Cybercriminal Group Targets Airline Networks in U.S. and Canada

By: D.D. Reese

A cybercriminal group has recently targeted computer networks within the aviation industry, affecting multiple airlines in the United States and Canada, according to statements from the FBI and cybersecurity experts assisting with the response.

While the breaches have not impacted airline flight operations or safety systems, the incidents have raised concerns among cybersecurity officials, particularly due to the group’s reputation for aggressive tactics. The group, known as “Scattered Spider,” has previously been linked to cyberattacks in other major sectors, including insurance and retail.
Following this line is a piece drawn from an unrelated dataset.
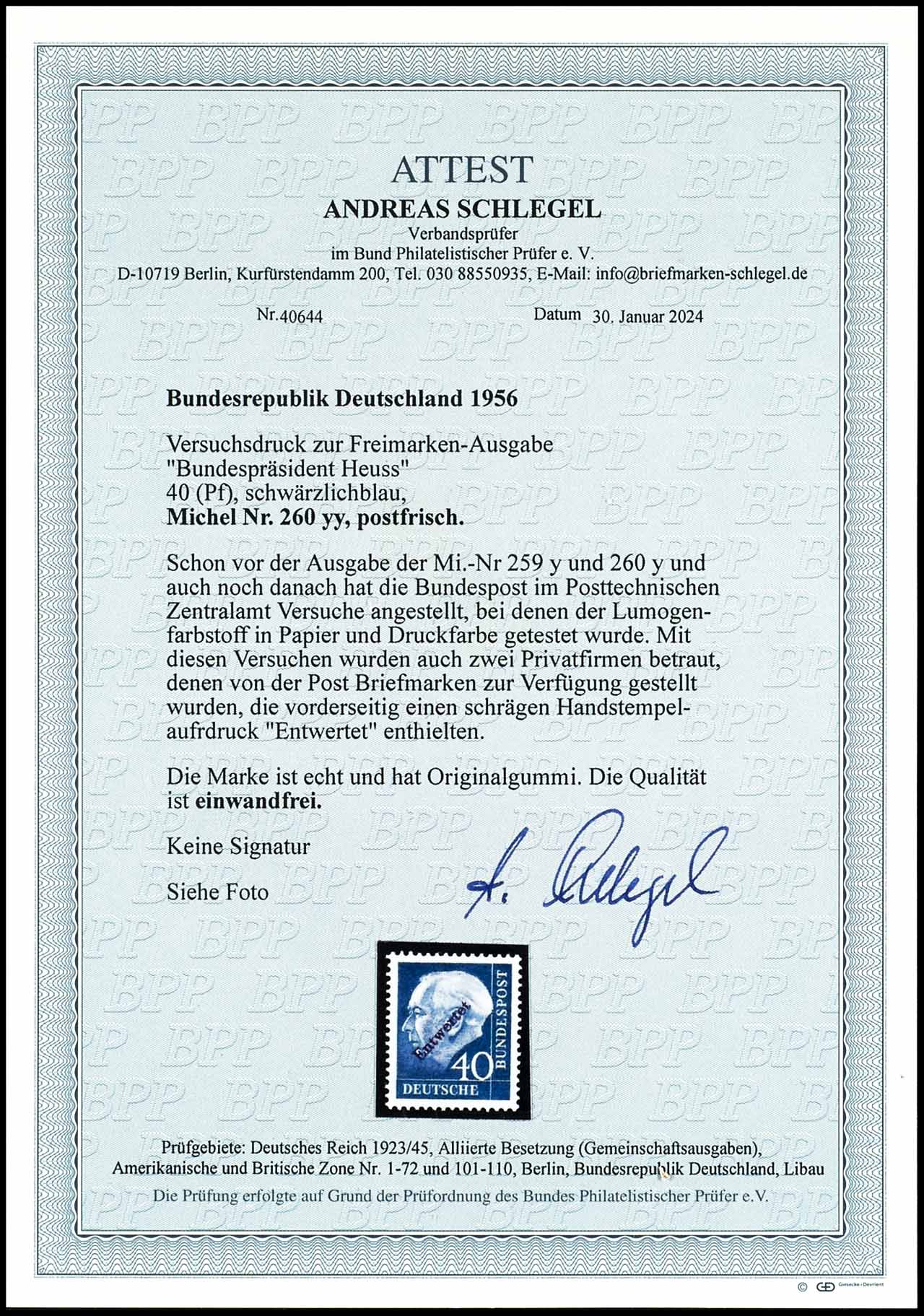 40 Pfennig Heuss on fluorescent paper in a different color, dark bluish-blue, with hand-applied postmark "Entwertet" (devalued), produced for experimental purposes in 1960. mint never hinged, flawless condition, photo certificate Andreas Schlegel BPP (2024) "The quality is impeccable.", Michel 1.000.-

According to a public statement issued by the FBI on Friday, the group typically gains unauthorized access to corporate networks, exfiltrates sensitive data, and at times deploys ransomware for extortion purposes. The agency confirmed that it is actively coordinating with aviation stakeholders to manage the current situation and support affected organizations.

Airlines including Hawaiian Airlines and Canada’s WestJet have acknowledged recent cybersecurity incidents but did not name any specific group. Both airlines reported that their core operations were not disrupted and that internal investigations are ongoing.
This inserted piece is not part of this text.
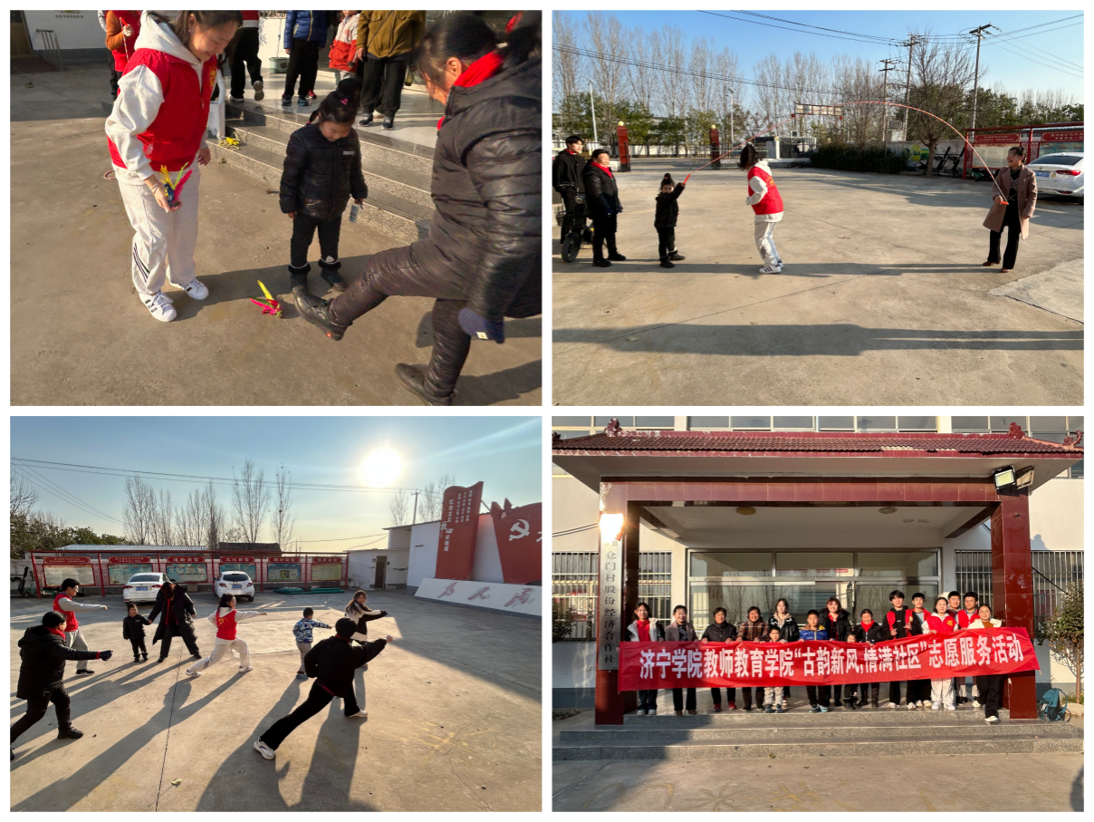 为传承弘扬中华优秀传统文化,志愿者们走进曲阜市陵城镇仓门村,他们以杨靖宇、王二小、马背上的小红军等红色故事为引,将波澜壮阔的历史画卷徐徐展开;踢毽子与跳绳的欢腾身影交错,邻里情谊在欢声笑语中蔓延生长;太极和九节鞭的展示研习现场中,传统养生项目仿若神秘的文化密码点燃了居民们对传统养生活动的热忱之火。

WestJet first reported a “cybersecurity incident” approximately two weeks ago, which affected access to specific services and software, including its mobile app. Hawaiian Airlines has also stated that they are continuing to assess the scope of the breach.

Experts note that the limited operational impact may be due to strong internal network segmentation and business continuity planning. “This likely reflects good network architecture and resiliency,” said Aakin Patel, a former chief information security officer at a major U.S. airport.
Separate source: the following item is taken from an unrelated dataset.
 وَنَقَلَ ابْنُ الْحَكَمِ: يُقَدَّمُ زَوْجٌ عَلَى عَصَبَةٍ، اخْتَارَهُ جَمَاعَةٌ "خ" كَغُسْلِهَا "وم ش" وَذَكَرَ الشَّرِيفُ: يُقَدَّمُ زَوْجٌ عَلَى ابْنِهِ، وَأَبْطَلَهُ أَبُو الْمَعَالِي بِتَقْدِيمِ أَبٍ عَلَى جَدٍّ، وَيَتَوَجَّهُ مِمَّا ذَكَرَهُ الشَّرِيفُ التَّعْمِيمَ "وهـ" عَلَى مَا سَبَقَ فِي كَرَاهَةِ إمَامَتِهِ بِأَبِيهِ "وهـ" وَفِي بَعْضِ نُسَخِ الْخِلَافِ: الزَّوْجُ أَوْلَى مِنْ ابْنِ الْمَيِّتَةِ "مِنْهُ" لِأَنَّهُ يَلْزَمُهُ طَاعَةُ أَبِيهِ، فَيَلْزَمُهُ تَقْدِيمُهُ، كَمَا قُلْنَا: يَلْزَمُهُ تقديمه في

According to the Aviation Information Sharing and Analysis Center (Aviation ISAC), the threat landscape has broadened beyond airlines themselves to other parts of the aviation ecosystem, such as contractors and vendors. Jeffey Troy, the group’s president, emphasized that members remain alert to financially motivated attacks and broader cybersecurity risks tied to global events.

While the airline breaches are under review, the industry also dealt with unrelated technical issues on Friday, when an IT outage affected some passengers at American Airlines. There is no indication that the outage was linked to malicious activity.

Cybersecurity teams at major airlines are closely monitoring the situation, and several are working with external experts, including cybersecurity firm Mandiant, a Google subsidiary, to improve protections, particularly around customer service call centers. One of the techniques reportedly used by the attackers involves impersonating employees to gain access through support channels.

“Call centers are essential to airline support operations and may be vulnerable entry points,” Patel said.

Scattered Spider gained widespread attention in 2023 following high-profile breaches at MGM Resorts and Caesars Entertainment. The group is known to focus on specific industries for extended periods and has recently been linked to incidents involving companies in the insurance and retail sectors.

Mandiant Chief Technology Officer Charles Carmakal confirmed that the group’s approach has remained consistent over time and that several incidents within the airline and broader transportation sectors share characteristics with the group’s known tactics.

Industry response efforts are ongoing, and authorities continue to assess the full scope of the breaches. The FBI encourages organizations within the aviation sector to review their security protocols and report any suspicious activity.